◆ **Prompt**
For the data below, transcribe the part that opens with the line containing "- 体积:选填项,商品体积(m³),精确到两位小数,用于仓储空间计算" and closes with the line containing "You could go", exactly and with no pictures.

◆ **Recorded information**
******************************

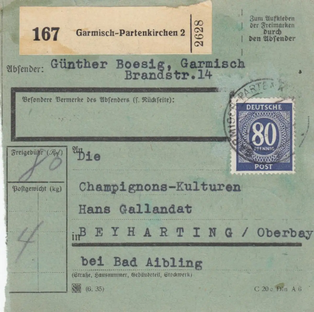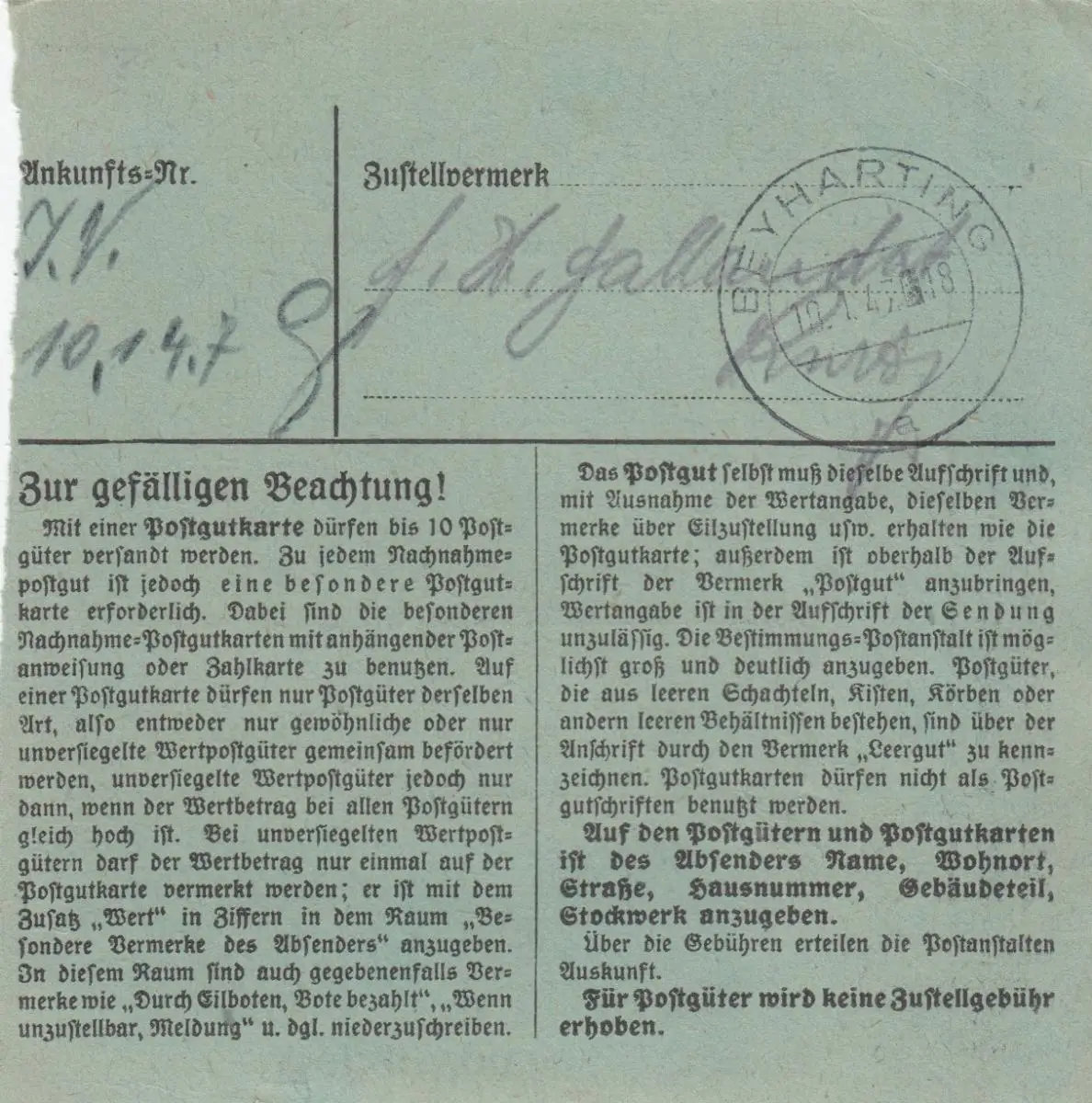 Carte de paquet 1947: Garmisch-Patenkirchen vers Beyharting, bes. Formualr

******************************

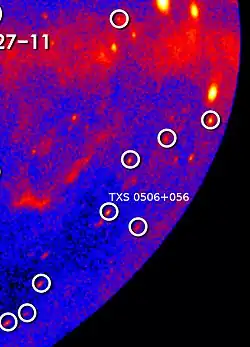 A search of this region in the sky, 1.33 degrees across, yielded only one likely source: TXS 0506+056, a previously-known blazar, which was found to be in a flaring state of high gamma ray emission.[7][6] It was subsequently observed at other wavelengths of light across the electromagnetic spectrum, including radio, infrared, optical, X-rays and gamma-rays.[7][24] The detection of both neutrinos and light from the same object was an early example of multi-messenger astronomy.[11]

******************************

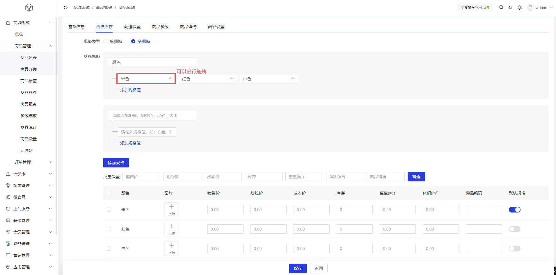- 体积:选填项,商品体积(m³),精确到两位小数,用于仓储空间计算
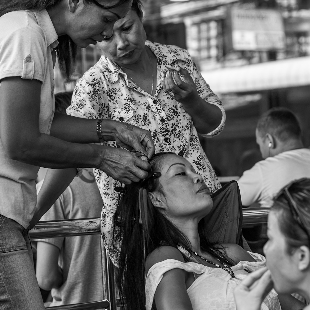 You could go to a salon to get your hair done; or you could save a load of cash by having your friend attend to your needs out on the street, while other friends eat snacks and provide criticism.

******************************

◆ **Problem solution**
- 体积:选填项,商品体积(m³),精确到两位小数,用于仓储空间计算
 You could go to a salon to get your hair done; or you could save a load of cash by having your friend attend to your needs out on the street, while other friends eat snacks and provide criticism.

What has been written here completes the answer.